Un scénariste star devenu papa pour la première fois

Miguel Campos, 42 ans, l’un des visages les plus attachants de l’équipe de David Broncano sur La Revuelta, vient de vivre le plus grand bouleversement de sa vie. Le 1er septembre, sa compagne a donné naissance à leur premier enfant. Une naissance très attendue, après un long parcours de fécondation in vitro dont le couple avait déjà parlé, avec beaucoup de pudeur, il y a un an.

Comme d’autres figures publiques récemment confrontées à des annonces personnelles marquantes, à l’image de Yannick Noah hospitalisé en urgence, Campos a choisi la transparence plutôt que le silence. Actuellement en congé paternité, il a pourtant fait une exception pour se rendre dans les studios de la Cadena SER.

Cette visite était attendue depuis longtemps par l’émission La Ventana, animée par Carles Francino. Jusqu’ici, les horaires de tournage de La Revuelta rendaient l’invitation impossible. Profitant de son congé, le chroniqueur a enfin pu s’installer face au micro, non sans une pointe d’autodérision digne des grandes prises de parole des personnalités comme Sylvie Tellier lorsqu’elle évoque son passé.

« Pardonne-moi, je dois te laisser ici » : l’adieu qui a tout dit

C’est là que Miguel Campos a lâché la phrase qui a marqué l’entretien. Racontant les premiers instants avec son fils, il a expliqué : « Le petit a 9 jours.

Je lui ai fait un baiser sur le front et je lui ai dit : le groupe PRISA a besoin de moi, pardonne-moi, je dois te laisser ici. Et il a parfaitement compris.

Il sait à quel point le groupe PRISA est important pour moi, donc voilà, je suis là », a-t-il raconté entre deux rires.

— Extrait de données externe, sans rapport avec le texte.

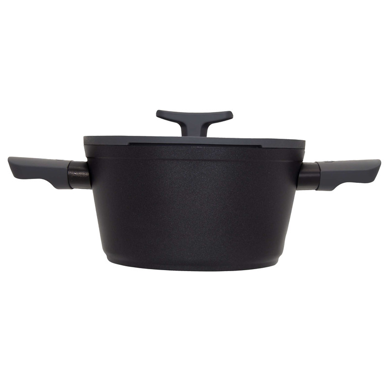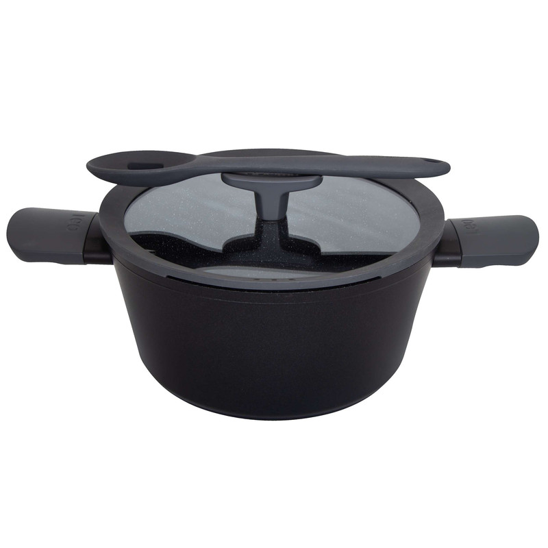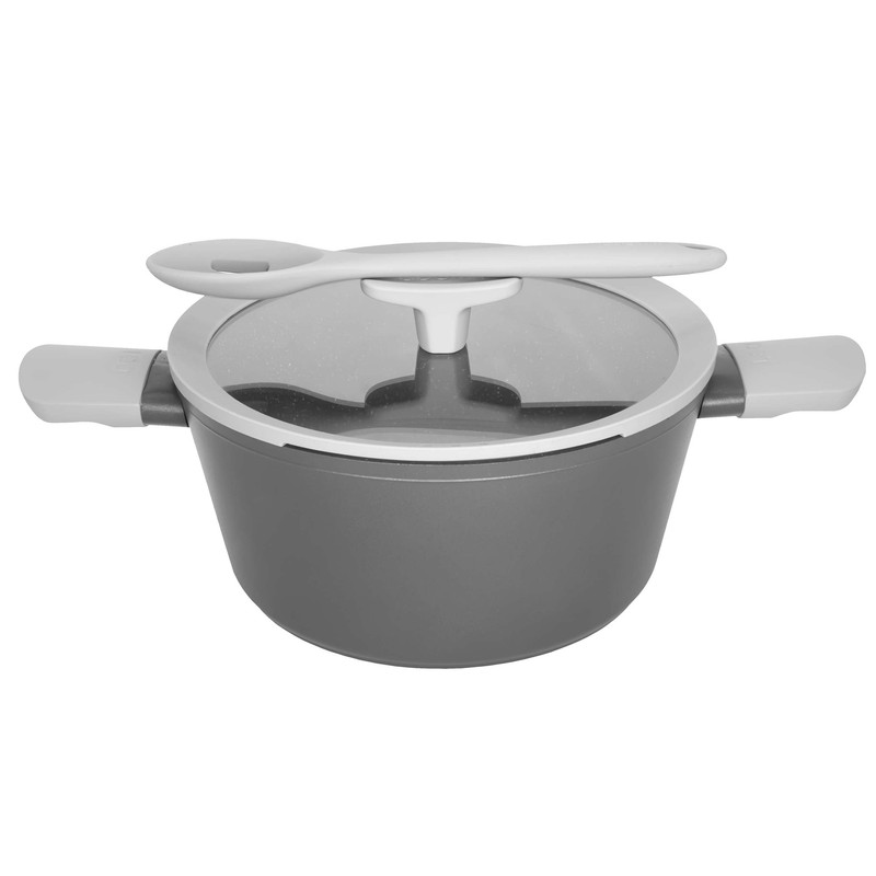 دستههای باکالیت سافتتاچ در برابر حرارت مقاوم بوده و مانع انتقال گرما میشوند. قپهی خاص روی درب، جایگاهی برای قرار دادن کفگیر و ملاقه دارد و از جنس باکالیت نسوز ساخته شده است. کف قابلمه نیز با طراحی ضدلغزش و درج اطلاعاتی مانند قطر و حجم، کارایی بیشتری ایجاد میکند.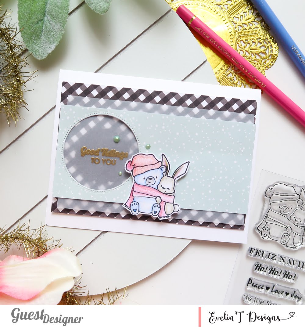 Hello Everyone!  Thankful to be back again here on the Evelin T Designs blog sharing two cards using the Good Tidings To You stamp set.  Both of these cards use the same pattern paper in two different ways, and both of the images were colored with pencils before I had my cards in mind.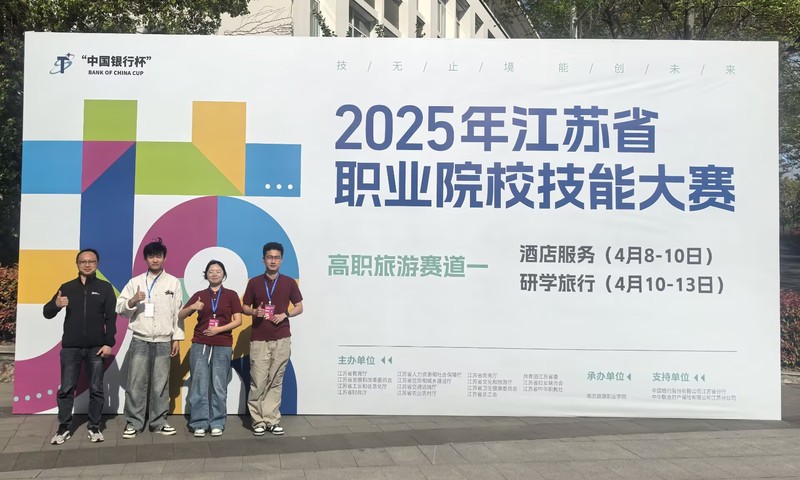 4月11日至13日,由江苏省教育厅、江苏省人力资源和社会保障厅等部门联合主办的2025年江苏省职业院校技能大赛高职旅游类研学旅行(参赛学生:高毅、尤婧茹、王自立,指导教师:李跃进、史蒂雯)、导游服务(参赛学生:陶志彤、朱春猛、黄译慧,指导教师:李琰芬、岳燕芬)两个赛项分别在南京旅游职业学院和江苏旅游职业学院举办。经过激烈角逐,两个赛项首次参赛的团队凭借扎实的专业技能和出色的现场表现,均斩获三等奖,充分展现了学院在旅游职业教育领域开设新专业的实力。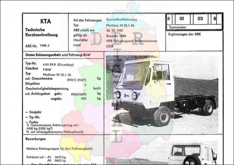 Art des Fahrzeuges: Spezialkraftfahrzeug Typ: Multicar M 25.1 AL ABE erteilt am: 30.12.1987 gültig ab: 1988 Hersteller: VEB Fahrzeugwerk Waltershausen Land: DDR Ergänzung zur ABE: Typnummer: 601038 Anzahl Seiten: 2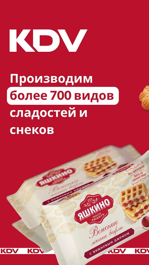 Холдинг KDV — крупнейший в России производитель кондитерских изделий и снеков. У холдинга полностью своя инфраструктура: от распределительных центров до автопарка. Это позволяет держать цены на демократичном уровне и всегда доставлять только свежие продукты.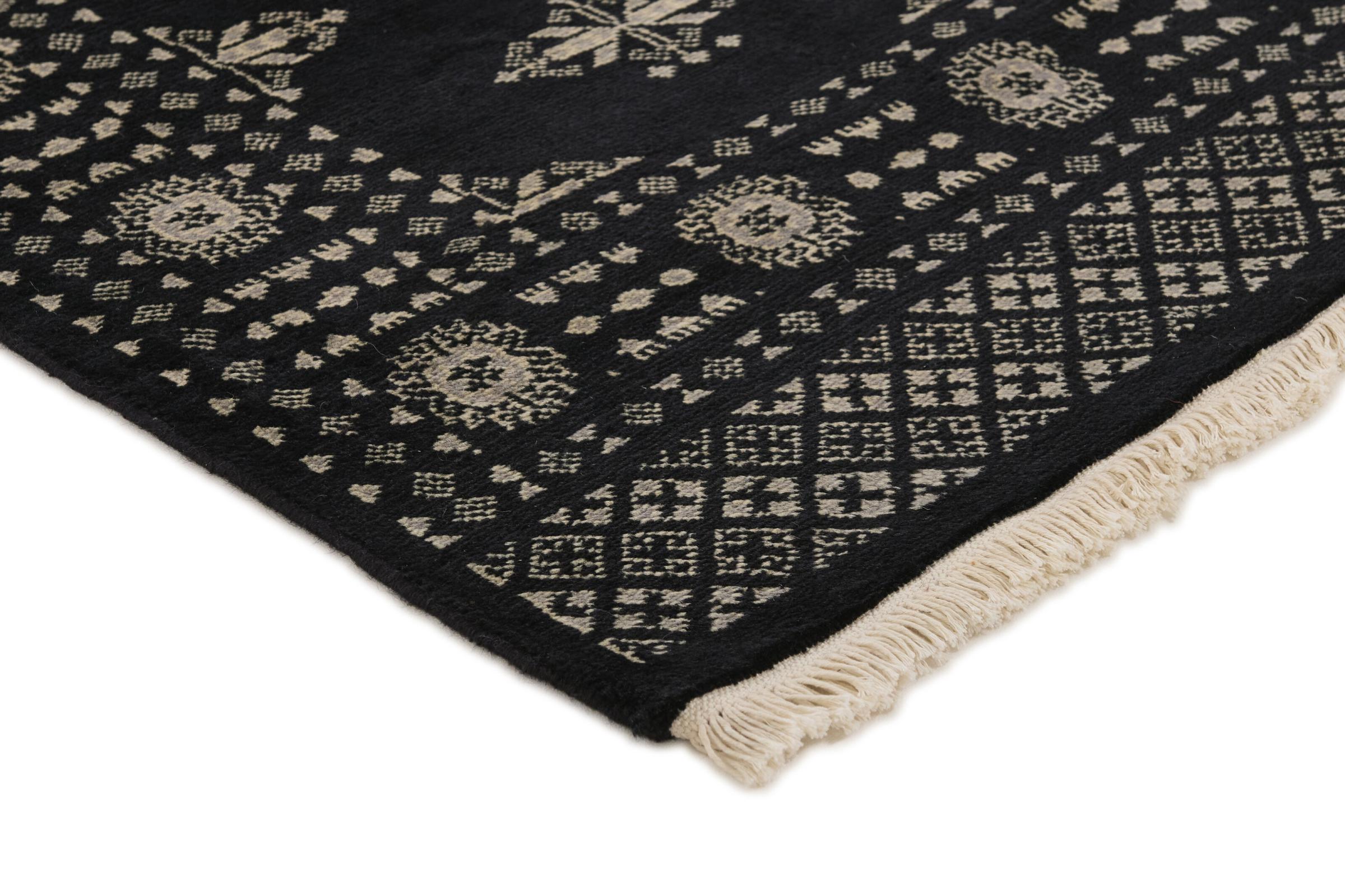 Esta alfombra anudada a mano procedente de Pakistán tiene rasgos muy típicos. Los ornamentos redondos se repiten en el suelo y conforman el tipo de alfombra. 2Ply y 3Ply son diferencias en la densidad de anudado de las alfombras. Una 3Ply suele tener un anudado más denso y, por tanto, es más costosa de producir y algo más robusta. Estas hermosas alfombras son populares por sus fascinantes colores y su diseño sereno.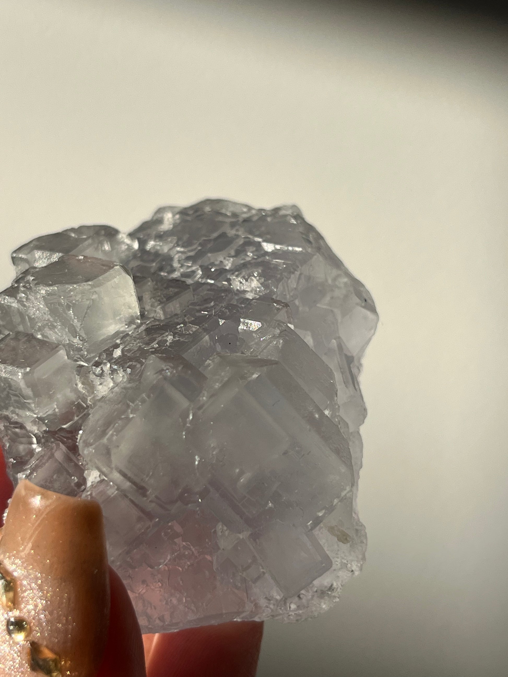 Intercalated cubic fluorite cubes are adorned with pale white phantom veils and druzy quartz coating concentrated on one side. Allowing for variety in mineral presentation and enhanced visual aesthetics.

La formule, entre tendresse et absurde, résume tout le personnage. Derrière l’humour assumé, un vrai bouleversement se lit en creux. Comme dans de nombreuses affaires suivies avec attention par le public, à l’image des révélations qui entourent certaines personnalités récemment accusées, la parole publique de Campos surprend par sa franchise inhabituelle sur un sujet aussi intime.

Francino l’a alors interrogé sur ses premières nuits de papa. Réponse sans détour : « Mal ». Encore une fois, l’humour a pris le relais. Selon les propos rapportés par El País et repris par la Cadena SER, Campos aurait plaisanté sur « la crise des 10 jours », un cap qu’il ne connaissait pas avant de le vivre lui-même, comparable en intensité aux tourbillons médiatiques vécus par certaines figures publiques sous pression.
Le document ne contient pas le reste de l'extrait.